Closed cjolivier01 closed 4 years ago
I have tested multi-gpu (single host) with pytorch/xla in Google Cloud with 4 V100 and it is working. But it should work even in multi-host multi-gpu mode.
We are about to make pytorch/xla GPU more widely available by creating wheels and Dockers with GPU support enabled. There are 5..6 C++ tests failing, due to some 3D convolutions not being supported, and a corner case issue with scatter. But pytorch tests are passing, and that's big coverage.
Hmm with a little fidgeting, I got it to do mesh service locally, but then:
tensorflow/compiler/xla/xla_client/tf_logging.cc:11] Check failed: session->session()->Run( session_work->feed_inputs, session_work->outputs_handles, &outputs) == ::tensorflow::Status::OK() (Invalid argument: The ClusterSpec names the job and task index to be the same names that were provided when the server booted. This is currently not allowed. Job: wse_worker_1, task index: 0 vs. OK
I have dumped some random notes into a document (attached the PDF) when I did this. As I said, we will be building official wheels and Dockers soon. But if your setup has been built correctly, you should be able to just:
GPU_NUM_DEVICES=4 python test/test_train_mp_mnist.py
Thanks so much for this! This is fantastic!

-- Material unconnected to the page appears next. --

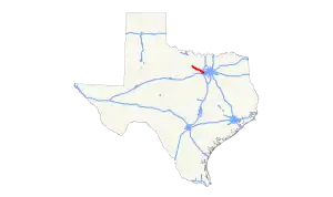 | Azle | 42.6 | 68.6 | interchange; west end of freeway; no direct westbound exit (FM 730 north exit serves both directions) | ||

This is mostly XLA design beauty. Single high level language, multiple devices.
we will be building official wheels and Dockers soon.
@dlibenzi it will be a single wheel for TPU and GPU ? And to run on TPU or GPU we just need to change "G" by "T" and vice verse ?
GPU_NUM_DEVICES=8 python test/test_train_mp_mnist.py
# or
TPU_NUM_DEVICES=8 python test/test_train_mp_mnist.py
Yes, the idea is to have a single wheel and single Docker image, which supports both.
❓ Questions and Help
I was perusing the diffs between my 1.5 branch and master and seems along with nccl support, GPU is becoming more of a first-class citizen in the code base? Does it now or will do multi-node (not just multi-process) master/slave training with or without mesh service? Maybe it alwasy did and I didn't know how to do it (admittedly, I spend most of my time working on a particularly simple "happy path")?
by the way, the code is beautiful.